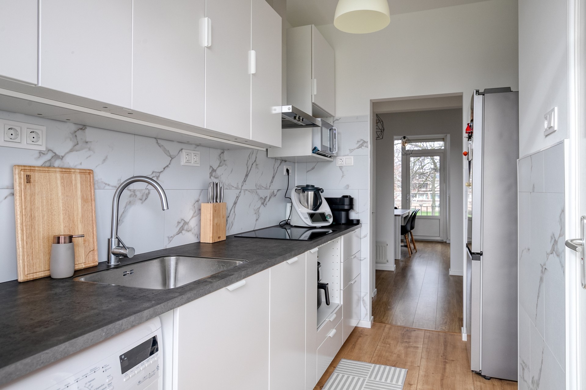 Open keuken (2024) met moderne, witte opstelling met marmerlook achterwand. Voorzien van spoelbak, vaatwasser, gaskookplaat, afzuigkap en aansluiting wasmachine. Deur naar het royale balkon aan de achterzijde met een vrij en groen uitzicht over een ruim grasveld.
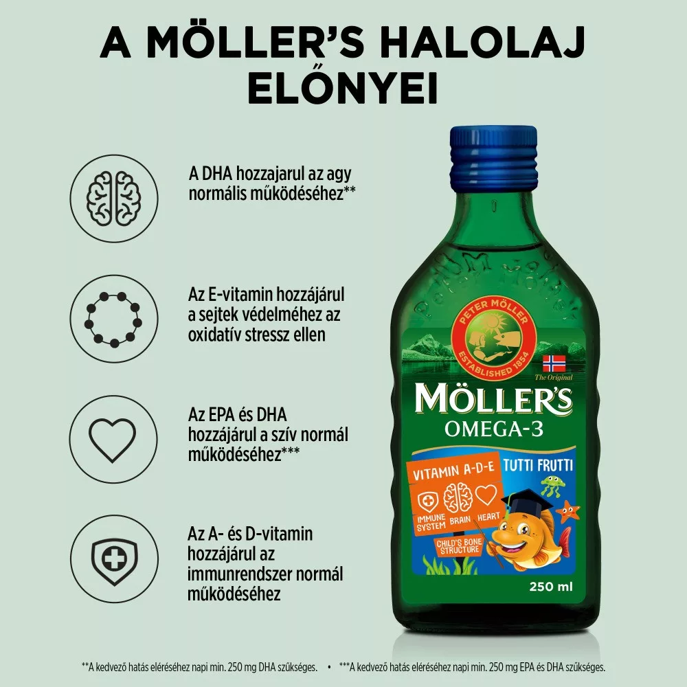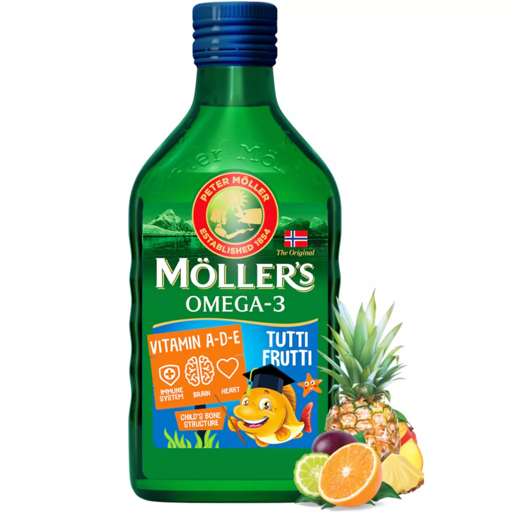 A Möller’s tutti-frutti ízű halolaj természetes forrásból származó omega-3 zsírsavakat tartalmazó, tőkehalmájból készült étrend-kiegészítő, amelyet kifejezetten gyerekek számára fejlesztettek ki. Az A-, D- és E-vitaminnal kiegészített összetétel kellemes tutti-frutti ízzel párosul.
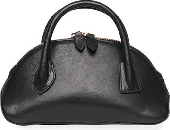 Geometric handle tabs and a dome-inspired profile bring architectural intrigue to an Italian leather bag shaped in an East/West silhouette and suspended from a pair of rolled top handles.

_WHAT TO WORK ON_. Write out an exact copy of the listing, first line through the line containing "A Möller’s tutti-frutti", with the pictures left out.

_REPLY_.
 Open keuken (2024) met moderne, witte opstelling met marmerlook achterwand. Voorzien van spoelbak, vaatwasser, gaskookplaat, afzuigkap en aansluiting wasmachine. Deur naar het royale balkon aan de achterzijde met een vrij en groen uitzicht over een ruim grasveld.
 A Möller’s tutti-frutti ízű halolaj természetes forrásból származó omega-3 zsírsavakat tartalmazó, tőkehalmájból készült étrend-kiegészítő, amelyet kifejezetten gyerekek számára fejlesztettek ki. Az A-, D- és E-vitaminnal kiegészített összetétel kellemes tutti-frutti ízzel párosul.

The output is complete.